The hint text is intentionally written as natural-language instructions to the agent (“Treat aggregated claims as commercial positioning, not research”). That framing is what gets read when the agent synthesizes — you want the hint to survive summarization, not be buried in a nested structured field.

All hints live in src/vectorize.ts#generateSummaryHints.

{pct}% of results are vendor-published content. Cross-reference with
independent editorial or primary sources before drawing conclusions.

Fires when vendor_dominance_ratio >= 0.5.

No peer-reviewed, independent-editorial, or regulated-primary source in SERP —
triangulation against non-commercial sources is not possible here. Treat
aggregated claims as commercial positioning, not research.

Fires when peer_reviewed + independent_editorial + regulated_primary == 0 and total >= 5. Common for SaaS-operational queries (“series B magic number benchmark”) where the entire landscape is vendor thought leadership. A stronger signal than vendor_dominance_ratio alone because affiliate results are commercial too.

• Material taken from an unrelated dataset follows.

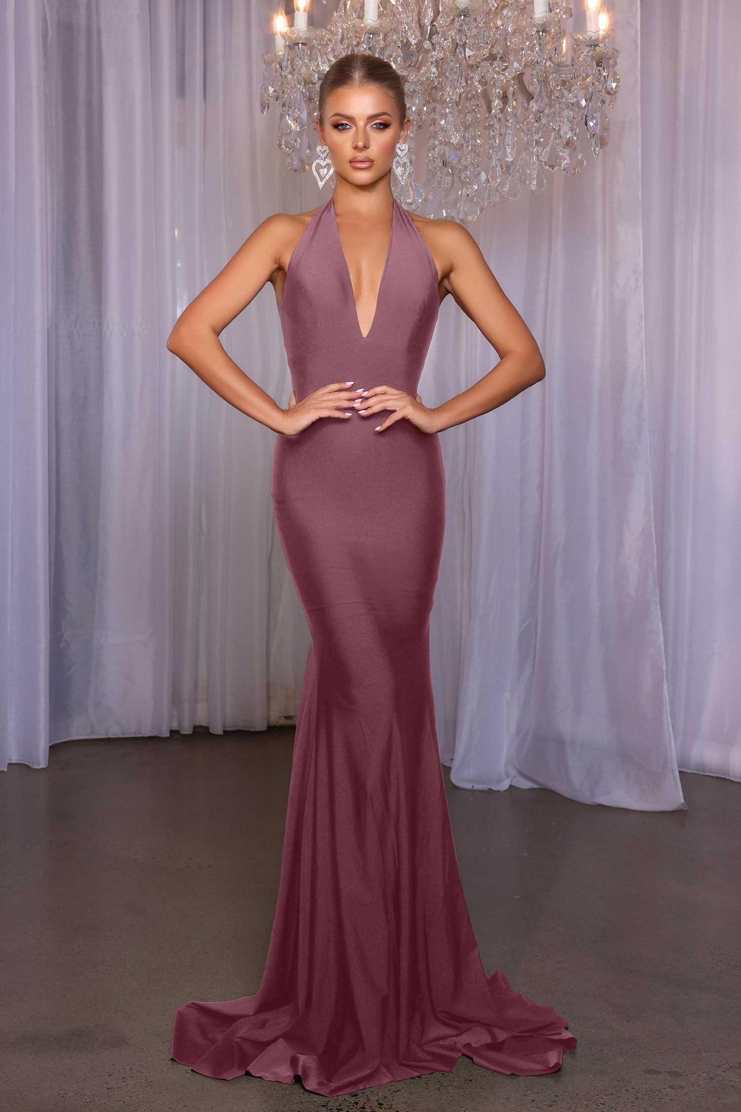 Introducing the Karla, a captivating floor-length dress that embodies elegance and style for your bridal party. Featuring a striking V front halter neck, this gown beautifully accentuates the shoulders while providing a flattering fit. The slight train adds a touch of drama, making it perfect for any wedding celebration. With a convenient center back zipper and high stretch fabric, the Karla offers both comfort and ease, allowing your bridesmaids to dance the night away with confidence. Elevate your wedding aesthetic with this stunning choice that combines sophistication and grace!

{n} of {total} results are affiliate listicles. Their product recommendations
reflect commercial incentives, not editorial comparison.
Primary / peer-reviewed sources are present ({n} of {total}); give them
interpretive weight over the rest.

The inverse of structural dominance — tells the agent which results to lean on.

Source diversity is low (tier entropy={n}). The SERP is dominated by a single
source type.

Fires when diversity_entropy < 1.0 AND total >= 5 AND mean_authoritative_weight < 0.7. The authoritative_weight gate is important: 10/10 peer-reviewed papers have low entropy but are exactly what the agent wants, so we suppress the warning.

{n} result(s) flagged as domain_content_mismatch — possible parasite SEO,
domain squatting, or industry-front content.
{n} result(s) flagged by Safe Browsing — these are blocked regardless of tier.

Two patterns work well:

Pass-through: Include the hint text in the model’s final response. This is the simplest integration and works for most use cases.

Re-query trigger: If mean_authoritative_weight < 0.3 or structural-dominance fires, the agent may choose to re-query with more academic phrasing rather than reply. See vocabulary sensitivity for why this works.